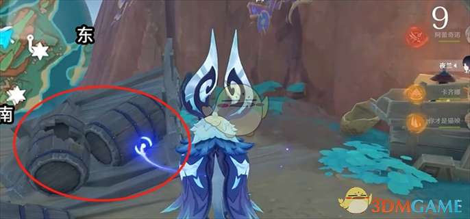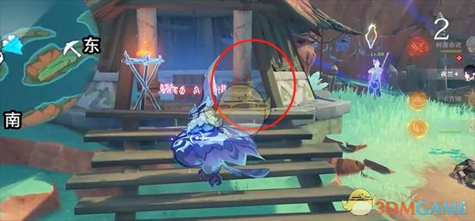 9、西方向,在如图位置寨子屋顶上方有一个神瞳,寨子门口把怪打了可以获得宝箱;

------------------------------------------------------------------------

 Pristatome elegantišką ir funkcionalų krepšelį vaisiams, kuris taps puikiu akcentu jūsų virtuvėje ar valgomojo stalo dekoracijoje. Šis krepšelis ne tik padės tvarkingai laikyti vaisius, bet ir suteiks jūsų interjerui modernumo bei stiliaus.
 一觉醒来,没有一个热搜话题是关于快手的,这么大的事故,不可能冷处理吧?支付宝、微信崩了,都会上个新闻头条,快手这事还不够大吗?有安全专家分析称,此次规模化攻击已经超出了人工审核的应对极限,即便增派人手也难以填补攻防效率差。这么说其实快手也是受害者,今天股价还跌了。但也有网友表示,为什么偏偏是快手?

------------------------------------------------------------------------

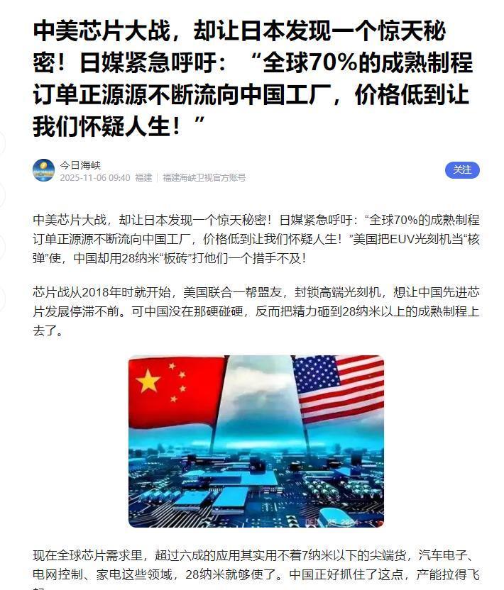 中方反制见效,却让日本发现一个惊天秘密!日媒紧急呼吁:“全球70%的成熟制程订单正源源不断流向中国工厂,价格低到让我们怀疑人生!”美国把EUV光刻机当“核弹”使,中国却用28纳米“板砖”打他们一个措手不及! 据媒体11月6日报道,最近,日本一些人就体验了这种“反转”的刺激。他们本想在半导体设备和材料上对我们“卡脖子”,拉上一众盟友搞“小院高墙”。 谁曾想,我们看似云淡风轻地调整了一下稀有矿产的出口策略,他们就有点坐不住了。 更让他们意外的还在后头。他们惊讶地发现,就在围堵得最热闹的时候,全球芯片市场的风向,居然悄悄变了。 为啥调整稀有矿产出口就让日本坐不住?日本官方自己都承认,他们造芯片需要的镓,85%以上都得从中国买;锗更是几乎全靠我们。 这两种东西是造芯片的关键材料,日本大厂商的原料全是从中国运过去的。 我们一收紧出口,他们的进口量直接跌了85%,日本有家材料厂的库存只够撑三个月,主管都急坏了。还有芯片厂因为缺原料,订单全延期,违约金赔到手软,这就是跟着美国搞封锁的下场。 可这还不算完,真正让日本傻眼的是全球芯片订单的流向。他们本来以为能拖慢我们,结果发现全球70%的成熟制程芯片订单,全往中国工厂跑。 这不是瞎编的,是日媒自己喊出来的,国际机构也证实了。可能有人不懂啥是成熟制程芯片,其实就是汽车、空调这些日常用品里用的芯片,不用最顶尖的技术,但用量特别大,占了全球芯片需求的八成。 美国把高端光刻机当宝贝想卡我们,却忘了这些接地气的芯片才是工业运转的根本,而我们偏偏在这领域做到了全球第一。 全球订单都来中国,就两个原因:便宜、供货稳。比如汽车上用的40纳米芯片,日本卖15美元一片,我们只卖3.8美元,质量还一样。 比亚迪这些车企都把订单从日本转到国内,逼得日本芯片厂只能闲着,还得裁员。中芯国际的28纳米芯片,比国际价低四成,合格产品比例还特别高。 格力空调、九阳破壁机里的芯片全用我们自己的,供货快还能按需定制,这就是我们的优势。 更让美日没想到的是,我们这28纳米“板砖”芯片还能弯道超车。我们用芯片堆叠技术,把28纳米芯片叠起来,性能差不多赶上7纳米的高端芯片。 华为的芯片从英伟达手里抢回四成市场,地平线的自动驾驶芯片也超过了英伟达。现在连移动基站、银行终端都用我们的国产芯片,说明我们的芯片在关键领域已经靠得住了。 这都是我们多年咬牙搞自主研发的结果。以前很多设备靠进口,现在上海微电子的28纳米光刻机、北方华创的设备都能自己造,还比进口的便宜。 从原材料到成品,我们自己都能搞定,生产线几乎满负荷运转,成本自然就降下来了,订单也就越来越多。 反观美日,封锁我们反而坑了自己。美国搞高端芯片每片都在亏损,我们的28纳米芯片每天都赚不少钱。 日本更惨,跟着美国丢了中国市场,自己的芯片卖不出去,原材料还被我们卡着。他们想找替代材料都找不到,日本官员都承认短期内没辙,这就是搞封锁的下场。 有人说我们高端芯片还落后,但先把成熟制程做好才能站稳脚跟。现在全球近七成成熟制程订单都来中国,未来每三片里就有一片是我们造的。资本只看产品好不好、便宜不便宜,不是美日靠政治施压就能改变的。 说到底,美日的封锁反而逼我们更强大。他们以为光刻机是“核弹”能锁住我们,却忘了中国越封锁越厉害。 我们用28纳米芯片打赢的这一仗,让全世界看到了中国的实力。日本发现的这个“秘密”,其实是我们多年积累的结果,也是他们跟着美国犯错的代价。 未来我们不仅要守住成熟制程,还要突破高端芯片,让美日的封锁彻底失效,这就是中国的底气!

------------------------------------------------------------------------

## Task details
From the entries above, extract only the lines running from the one containing "Pristatome elegantišką ir" through the one containing "一觉醒来,没有一个热搜话题是", inclusive.

## Result of the exercise
 Pristatome elegantišką ir funkcionalų krepšelį vaisiams, kuris taps puikiu akcentu jūsų virtuvėje ar valgomojo stalo dekoracijoje. Šis krepšelis ne tik padės tvarkingai laikyti vaisius, bet ir suteiks jūsų interjerui modernumo bei stiliaus.
 一觉醒来,没有一个热搜话题是关于快手的,这么大的事故,不可能冷处理吧?支付宝、微信崩了,都会上个新闻头条,快手这事还不够大吗?有安全专家分析称,此次规模化攻击已经超出了人工审核的应对极限,即便增派人手也难以填补攻防效率差。这么说其实快手也是受害者,今天股价还跌了。但也有网友表示,为什么偏偏是快手?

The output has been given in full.